BEGIN DATA FOR PROCESSING

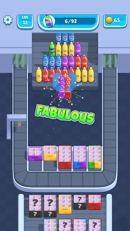Ordina le bottiglie colorate nelle casse! Una sfida di smistamento avvincente e difficile.
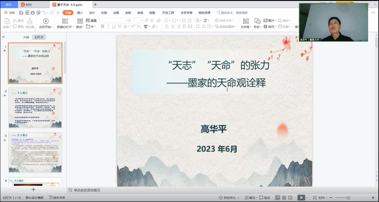 “新视野”系列学术讲座第131讲以线上形式举行。本场讲座邀请到暨南大学高华平教授主讲“天志与非命的张力:墨家天志观诠释”,约100多人参加了本场讲座。讲座还邀请到山东大学秦彦士教授、吉林师范大学薛柏成教授作为对话嘉宾,开元体育
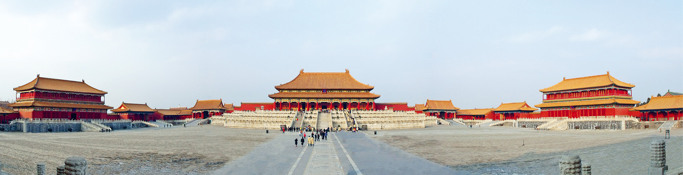 太和、中和、保和三座殿是前后排列着同立在一个庞大而崇高的工字形白石殿基上面的。这种台基过去称“殿陛”,共高二丈,分三层,每层有刻石栏杆围绕,台上列铜鼎等。台前石阶三列,左右各一列,路上都有雕镂隐起的龙凤花纹。这样大尺度的一组建筑物,是用更宏大尺度的庭院围绕起来的。广庭气魄之大是无法形容的。庭院四周有廊屋,太和与保和两殿的左右还有对称的楼阁和翼门,四角有小角楼。这样的布局是我国特有的传统,常见于美丽的唐宋壁画中。
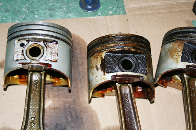 ピストンにナンバーリングを施し、堆積した汚れを落として行く。ちょっと磨いただけでこの汚れの差、お分かりいただけるでしょうか? もちろんこの後すべてをピカピカにした。
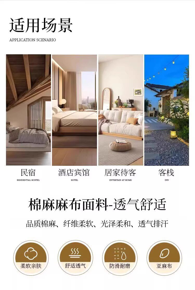 [9mm non-slip] gray cotton and linen diamond bottom
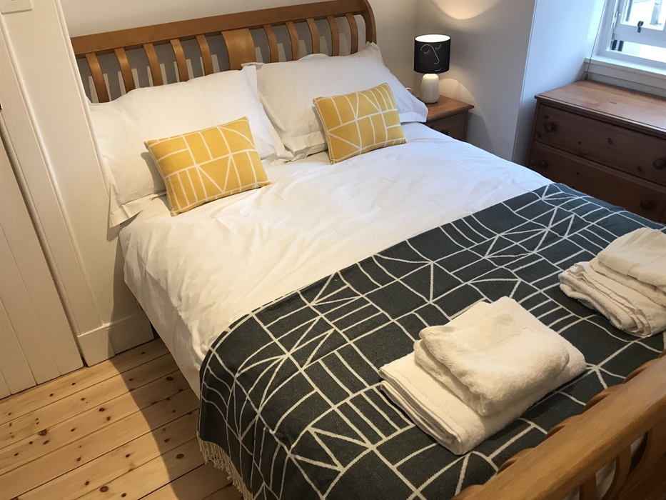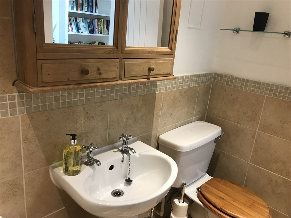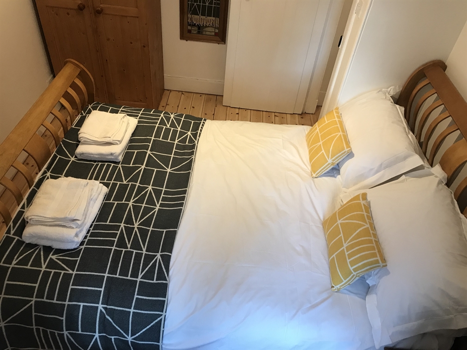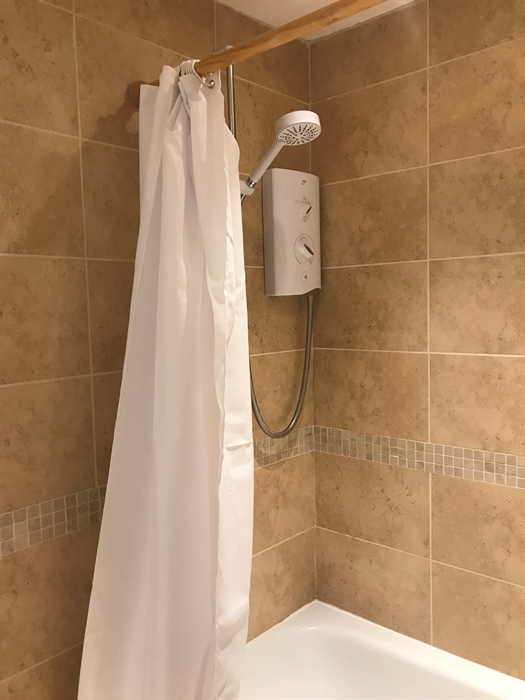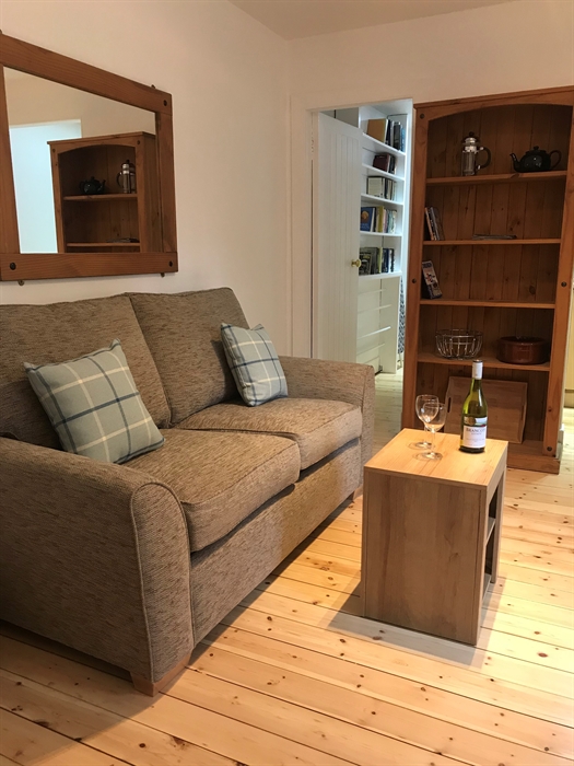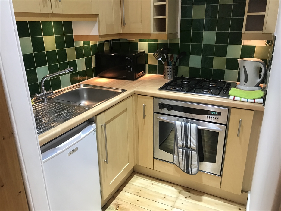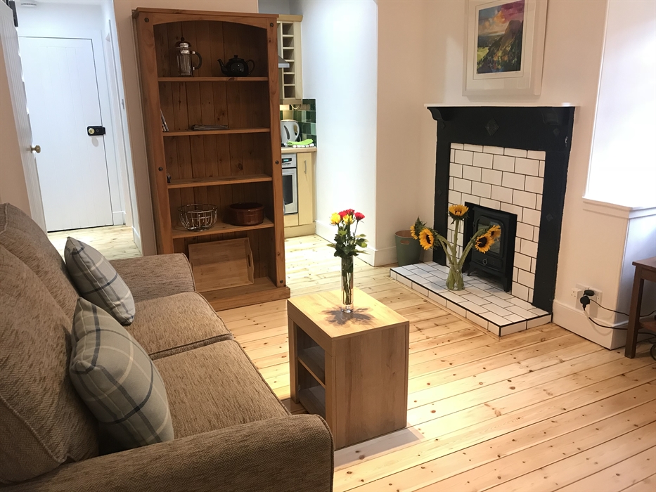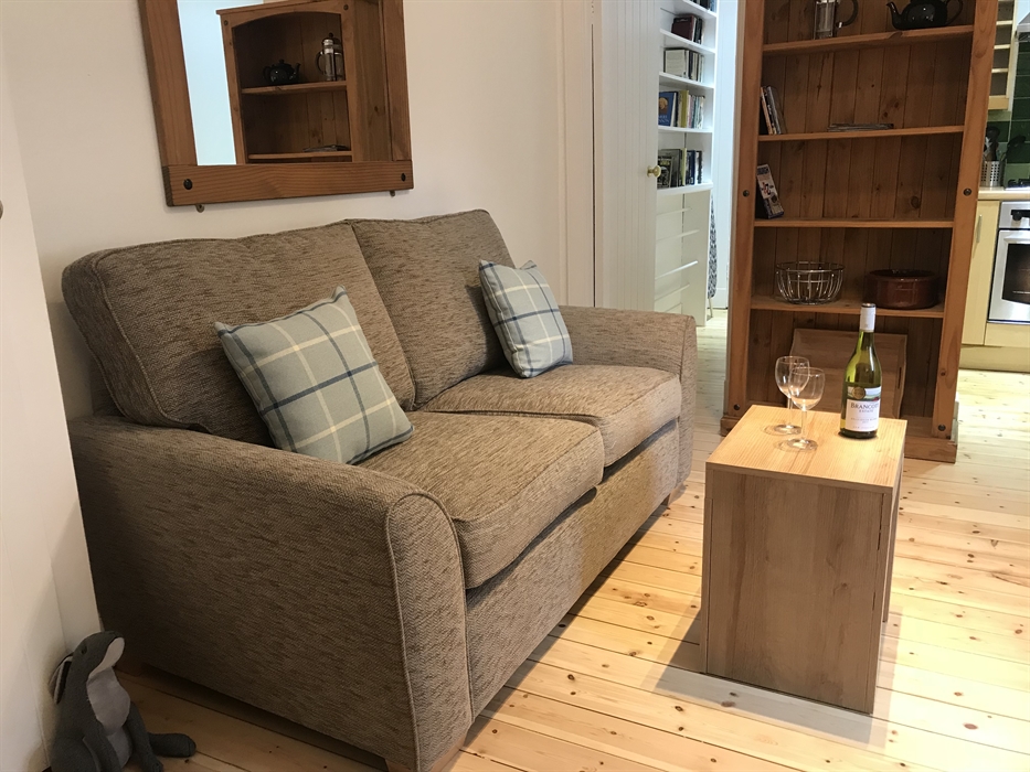 The living room has a dining area and a traditional fire place with electric fire. The two-seater sofa converts in to a double sofabed. There is a TV with DVD player. There are extra fold-away chairs for use at the dining table. The property is suitable for 1-3 adults or 1-2 adults plus 1-2 children.
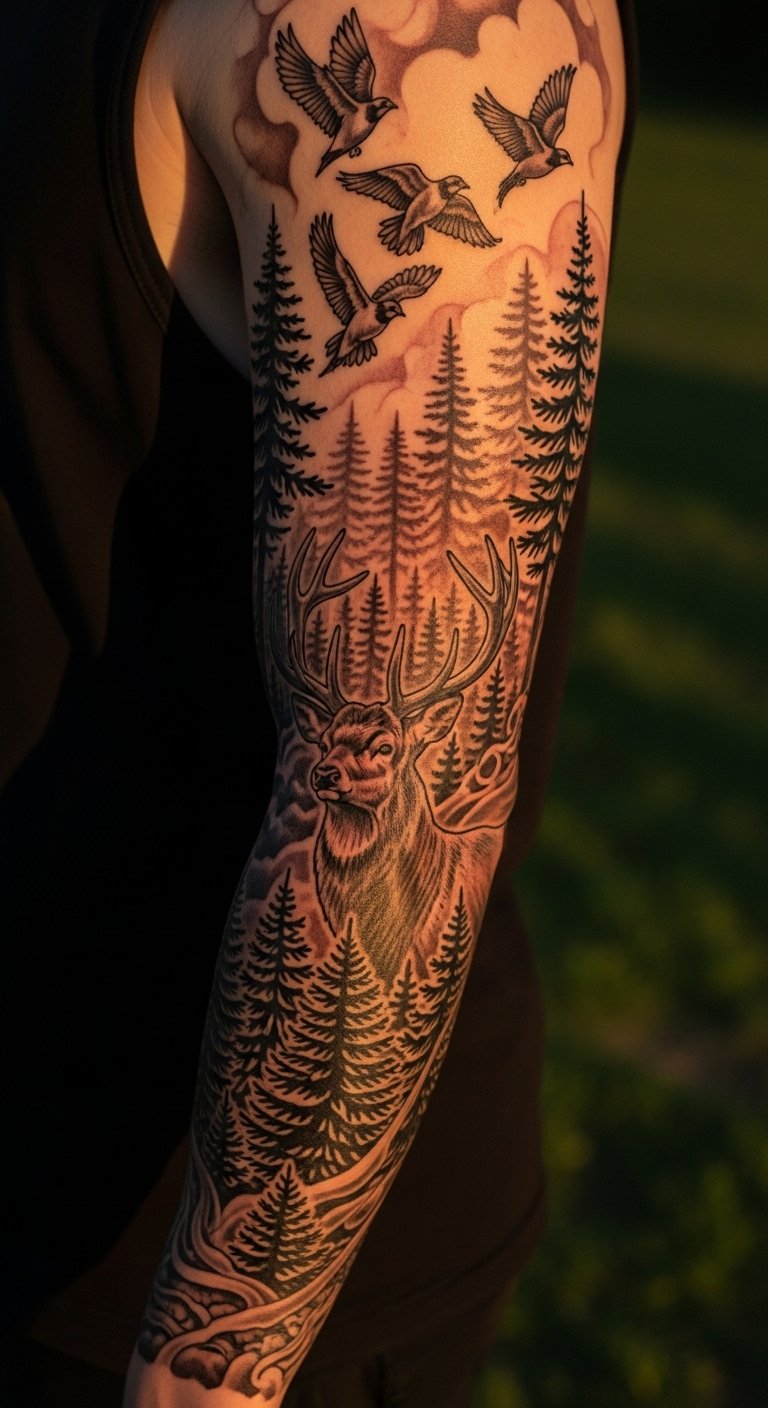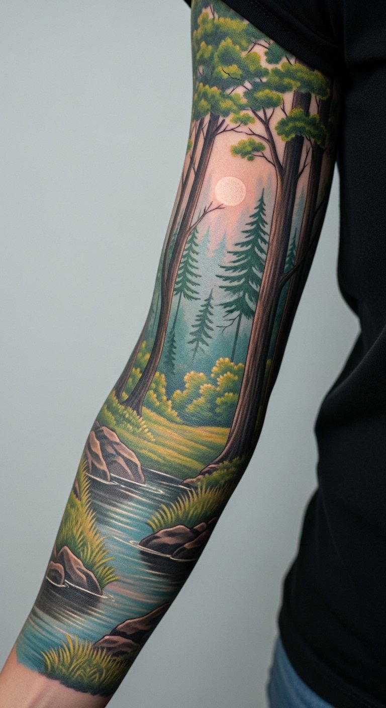 Full sleeve forest tattoos cover your arm completely. Think of endless trees and vines. Measure your arm at home for free. Get quotes from artists starting at $300. Use photo editors to extend designs. Add clouds for the sky. Full sleeves need multiple sessions for comfort. Heal step by step with home supplies. Plan with string outlines. These last with basic upkeep. They make a bold statement.

END DATA FOR PROCESSING

> _TASK ITEM_
Leave the pictures out, then print every entry exactly as it reads.

> _RESPONSE BOX_
Ordina le bottiglie colorate nelle casse! Una sfida di smistamento avvincente e difficile.
 “新视野”系列学术讲座第131讲以线上形式举行。本场讲座邀请到暨南大学高华平教授主讲“天志与非命的张力:墨家天志观诠释”,约100多人参加了本场讲座。讲座还邀请到山东大学秦彦士教授、吉林师范大学薛柏成教授作为对话嘉宾,开元体育
 太和、中和、保和三座殿是前后排列着同立在一个庞大而崇高的工字形白石殿基上面的。这种台基过去称“殿陛”,共高二丈,分三层,每层有刻石栏杆围绕,台上列铜鼎等。台前石阶三列,左右各一列,路上都有雕镂隐起的龙凤花纹。这样大尺度的一组建筑物,是用更宏大尺度的庭院围绕起来的。广庭气魄之大是无法形容的。庭院四周有廊屋,太和与保和两殿的左右还有对称的楼阁和翼门,四角有小角楼。这样的布局是我国特有的传统,常见于美丽的唐宋壁画中。
 ピストンにナンバーリングを施し、堆積した汚れを落として行く。ちょっと磨いただけでこの汚れの差、お分かりいただけるでしょうか? もちろんこの後すべてをピカピカにした。
 [9mm non-slip] gray cotton and linen diamond bottom
 The living room has a dining area and a traditional fire place with electric fire. The two-seater sofa converts in to a double sofabed. There is a TV with DVD player. There are extra fold-away chairs for use at the dining table. The property is suitable for 1-3 adults or 1-2 adults plus 1-2 children.
 Full sleeve forest tattoos cover your arm completely. Think of endless trees and vines. Measure your arm at home for free. Get quotes from artists starting at $300. Use photo editors to extend designs. Add clouds for the sky. Full sleeves need multiple sessions for comfort. Heal step by step with home supplies. Plan with string outlines. These last with basic upkeep. They make a bold statement.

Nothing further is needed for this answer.